Wednesday, October 14, 2009

Intensely sad..

I guess I have started hating you! Everything about you. You can be so angellic but everything yours is so demonic. Eating up every joy that I have. Leaving me with only despair. Do you seriously enjoy messing up with my life?
I have reminded myself for more than a thrillion time now that whatever we share, whatever we build, all are just an ideology to make us feel good about our too-highly-pride-in friendship. In fact, we are not at all comfortable with each other's presence. Still, we are ignorant of that so OBVIOUS fact and TRUTH! Living in an imagery world.
I have again replicated my darnest mistake ever. Investinyg on something that I am not sure is mine! Regretting each makes me a real fool. Leaving me to feel only devastated and flabergasted. I now believed that the sooner I withdraw myself from this craze, the better!

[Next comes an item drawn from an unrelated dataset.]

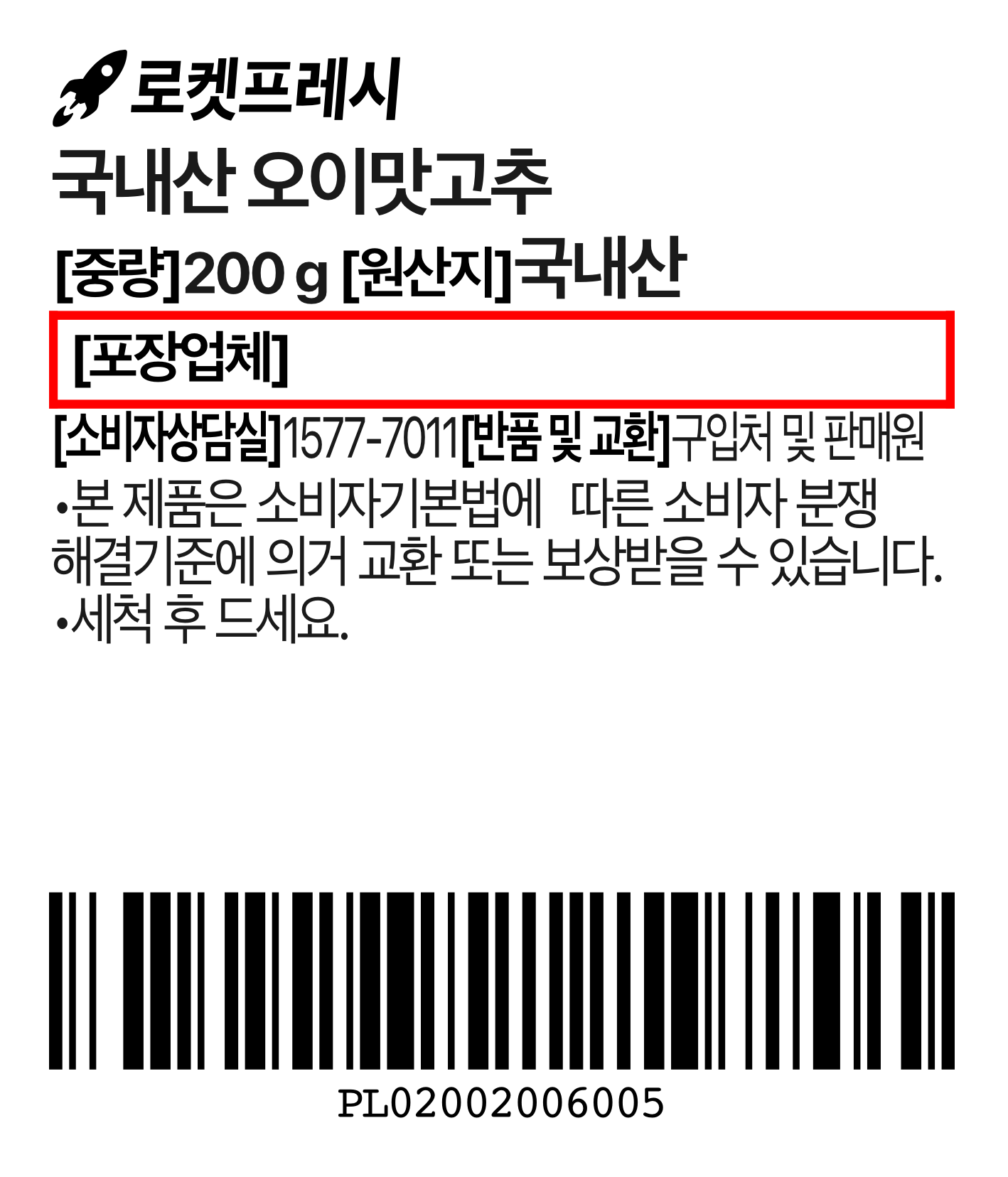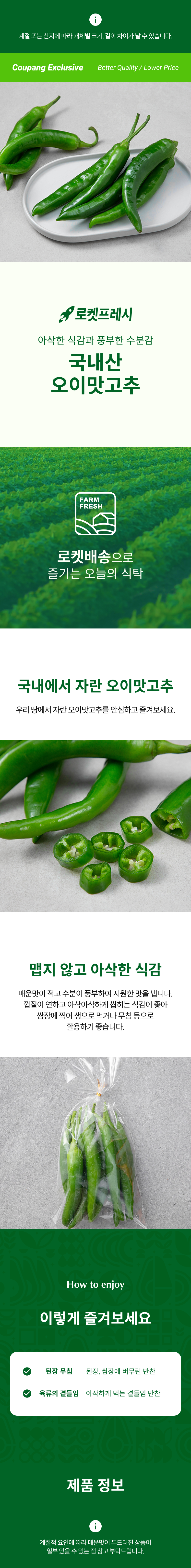 | 품목 또는 명칭 | 국내산 오이맛 고추 | 포장단위별 내용물의 용량(중량),수량,크기 | 200gx1개 |

You have them already. To them you turn to when you are troubled. I serve only as a stand-by. So clever aa you? Just in case they are not around, you would still have me by your side. U used me so effectively. Smiling sweetly when you make your comeback and I foolishly grant u another chance.
I am so sick about this that I REALLY REALLY feel that I wanna puke! You are better off with them though you told me so many time that you enjoyed my company the most. Hey, I am not blind! You value them mountainiously high. I am just a spare part.
You just don't care, huh? Let's play the game you self-create then. I have enough! And yeah, in case you have forgotten, I am really GOOD at this game! The game commences now!